Real-world evals of the OpenAI's o1, the first "thinking" model

Paper | Live Deep Research Bench Leaderboard

Key Takeaways

OpenAI's o1 model, the first thinking/reasoning model to be made commercially available, was able to solve some new complex tasks no non-thinking model at the time could solve
OpenAI o1 and Claude Sonnet 3.5 significantly outperformed other LLMs including GPT-4o on complex real-world tasks
o1 shows high variance: sometimes completely aces tasks others struggle with, but often performs average
Most agents made meaningful progress but fell short of good end-to-end performance on all but the simplest tasks
Llama 3.1 405B and GPT-4o-mini showed limited usefulness for multi-step agent tasks

Average scores across tasks showing performance comparison of different LLMs

Evaluating LLMs on Real-World White-Collar Tasks

We evaluated traces line-by-line of openai-o1, gpt-4o, claude-sonnet-3.5, and llama-405b, with several agent architectures, on 8 real-world, white-collar tasks where we knew all the details of what it takes to succeed.

The result? In the words of one of our research scientists: "o1 is very impressive, but pretty moody… sometimes it works great and (almost) completely aces something all other agents struggle with, but often it's distinctly average."

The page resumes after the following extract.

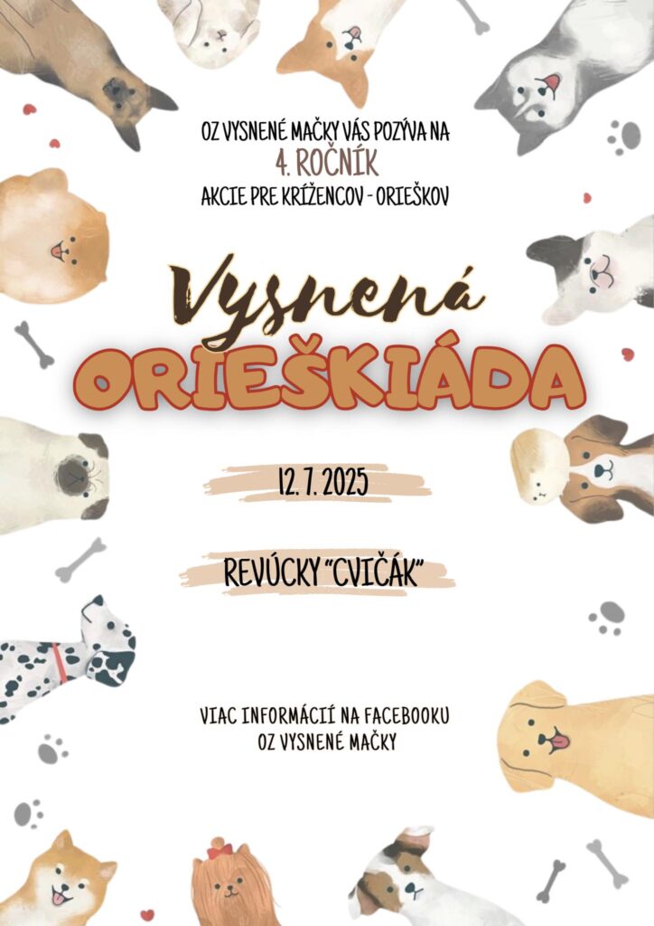 Nie všetky dobré skutky musia mať fúzy a labky — niekedy stačí jeden deň plný smiechu, štekotu a priateľstva. Presne taký sľubuje Orieškiáda, ktorá sa v Revúcej na cvičáku uskutoční už po štvrtý raz. A hoci by sa na prvý pohľad mohlo zdať, že ide len o veselú akciu pre psíkov, pravda je oveľa hlbšia – výťažok z podujatia totiž pomáha opusteným mačkám.

Bottom line: Take o1 for a small chance to go all the way and Sonnet for more consistent performance; gpt-4o is not quite there whereas llama-405b and gpt-4o-mini are barely useful as agents completing tasks that require tool use and 10+ prompted decision points for updating their plans.

Our Evaluation Methodology: Messy White-Collar Tasks with Partial Credit

Our eval is unique in that it is done on "messy" white-collar tasks inspired by work for our customers, and that we have sophisticated partial scores for progress on the numerous things to get right and get wrong.

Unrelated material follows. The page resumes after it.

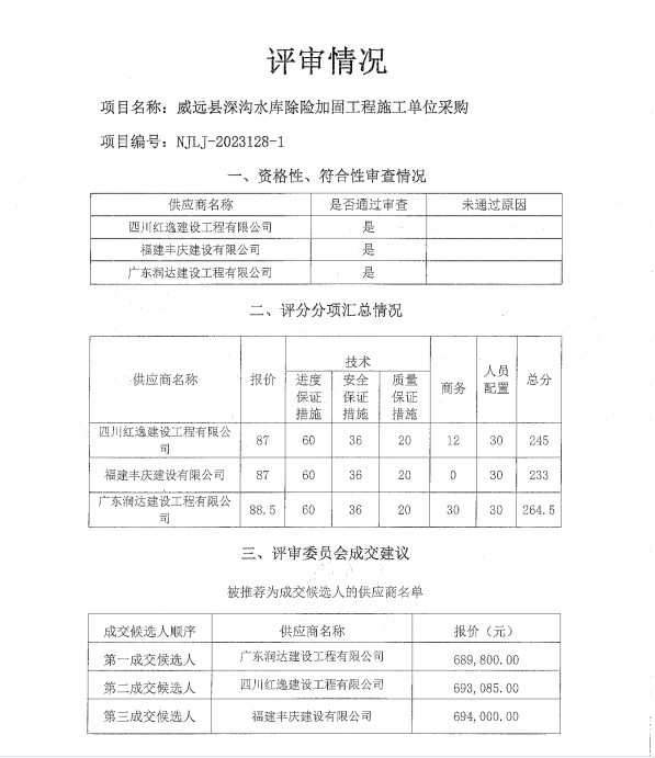 威远县深沟水库除险加固工程施工单位采购结果公示

The tasks were of the nature:

Tracking down the original source of a claim
Compiling a list of AI labs that have trained large models
Figuring out the time after a virus emerged before the first seroprevalence study was published

Performance heatmap showing Architecture x LLM performance across different tasks

Example Task: Estimating Chinese Disposable Income Over 100,000 Yuan

One detailed example task involved estimating the number of Chinese people with more than 100,000 Yuan annual disposable income. This task demonstrated o1's unique approach of breaking tasks into well-defined subtasks and its ability to adapt plans and reject poor data sources.

The evaluation used a sophisticated partial credit scoring system that assessed progress across multiple dimensions, allowing us to measure meaningful advancement even when agents didn't achieve complete success.

Task scorecard showing detailed evaluation metrics

Results: o1 and Sonnet Lead, But End-to-End Performance Remains Challenging

Main Findings

Agents made meaningful progress on tasks of economic value, but fell short of good end-to-end performance on all but the simplest of tasks
OpenAI o1-preview and Claude Sonnet 3.5 noticeably outperformed other LLMs, including GPT-4o
- On average, Sonnet 3.5 was better than o1-preview
- But if you could choose the right architecture for each question—something you would do if the tasks were paid—o1 was better
Both Llama 3.1 405B and GPT-4o-mini were not able to make meaningful progress on most of the tasks
There was significant variation in success with [Architecture x LLM] pairs. Overall, a ReAct agent with the ability to delegate subtasks performed best

Practical Recommendations

For teams deploying LLM agents on complex research tasks, our findings suggest a two-pronged strategy: deploy o1 for high-value tasks where breakthrough performance justifies the variance, and rely on Sonnet 3.5 for workflows requiring predictable, consistent results.